The honeymooning Japanese couple politely declined to mail the letter once they returned home, the Australian surfer also said no, as did the leftists from Michigan who were passing through on their way to Nicaragua in a stolen VW camper van. Eventually an easily exasperated Antigone rolled up the letter and placed it in an empty Tequila bottle that she corked up and then convinced Haemon to throw it as far as he could into the sea.

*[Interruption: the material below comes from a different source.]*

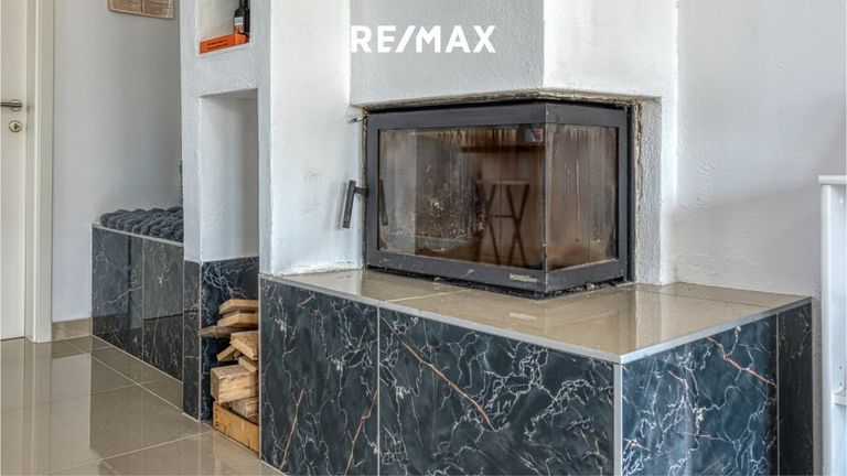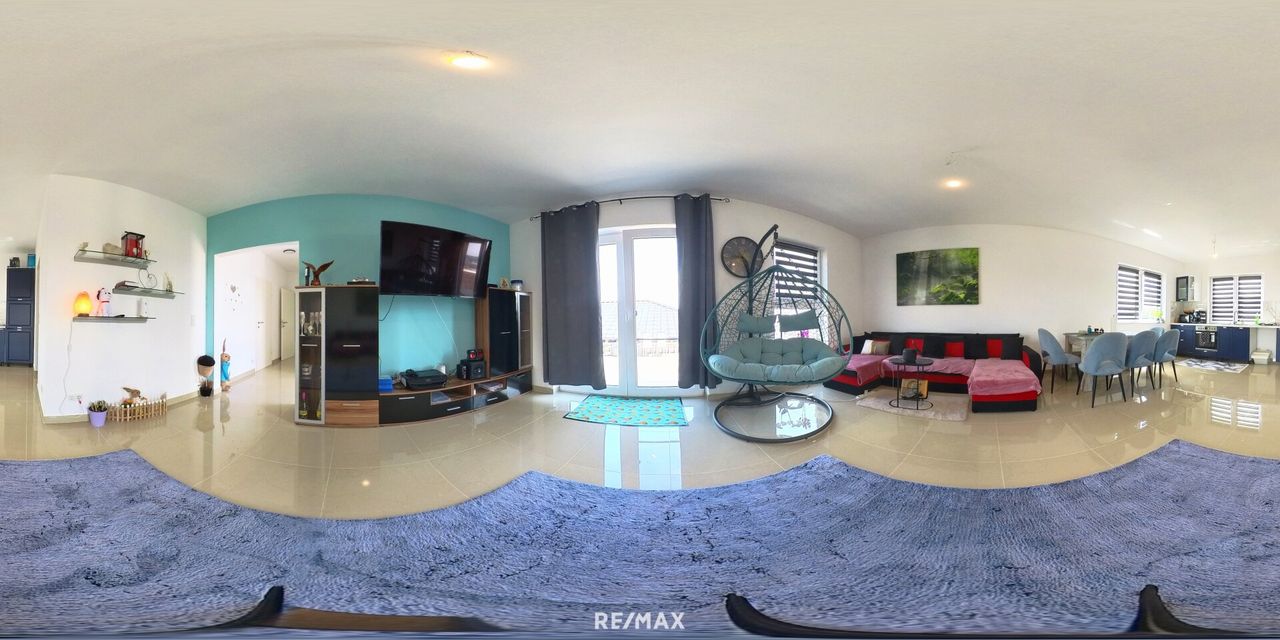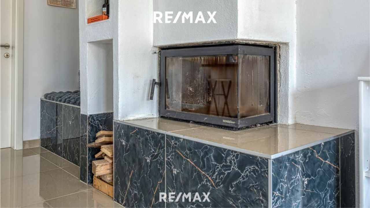 Der Wohnraum teilt sich in Vorhaus mit Garderobe, Küche mit einer Kochinsel, einer Speisekammer, sowie Essplatz und das offene Wohnzimmer mit Kamin und mit dem Ausgang auf die überdachte Terrasse.

The director nodded, “These are subtle shifts,” before adding, “you’ve got to let that arrogance slowly grow out of control otherwise Creon will have no emotional depth. And there should be nothing mannered or self-conscious about your delivery—this is Sophocles and not Brecht—so don’t intellectualize your performance or you’ll completely undermine the role. It is easy to side with Antigone—the audience will love her for her passion and admire her resolve and determination—she is such a heroic figure. Even her suicide is courageous ... it is a calculated act of revenge ... but remember that Creon is also right ... and his sense of duty is tied to his fate. Creon’s sense of duty, and yes, his arrogance is his ultimate undoing. His crime is against the gods for putting himself and Thebes before them, and he is justly punished. So when you say, “Our country is our safety,” you are putting the state ahead of the gods. It is also an opening, a shared line, because Thebes is a democracy, and a true democracy is one that belongs to everyone.”

I was talking on the phone yesterday afternoon while giving the door its second dimension. Below the door I’d written Actual then added Color permutations to expand on chance associations and scrawled Memory/Present beneath that. It was too warm and humid for the end of October. In the dream I’d eaten an entire bowl of dried Turkish figs, they were plump and sweet, and I ate all of them with great pleasure while standing at the kitchen counter, one after another, without removing the hard tip on their stems. I woke up after eating the last fig in the bowl and still had the taste of them in my mouth while climbing the stairs. After feeding the cats I gave Oscar his kidney medicine. Johannah and I planted a fig tree in the backyard during our first spring in the house. It was a beautiful tree that grew to about eight feet although it didn’t bear very much fruit and the squirrels usually got to what little there was before it fully ripened. The tree didn’t survive the last winter when the yard was frozen solid and covered with snow from the end of December until the middle of March. After cutting the tree down I used the wood to grill lamb as it imparts a delicate smoky aroma of figs on the meat.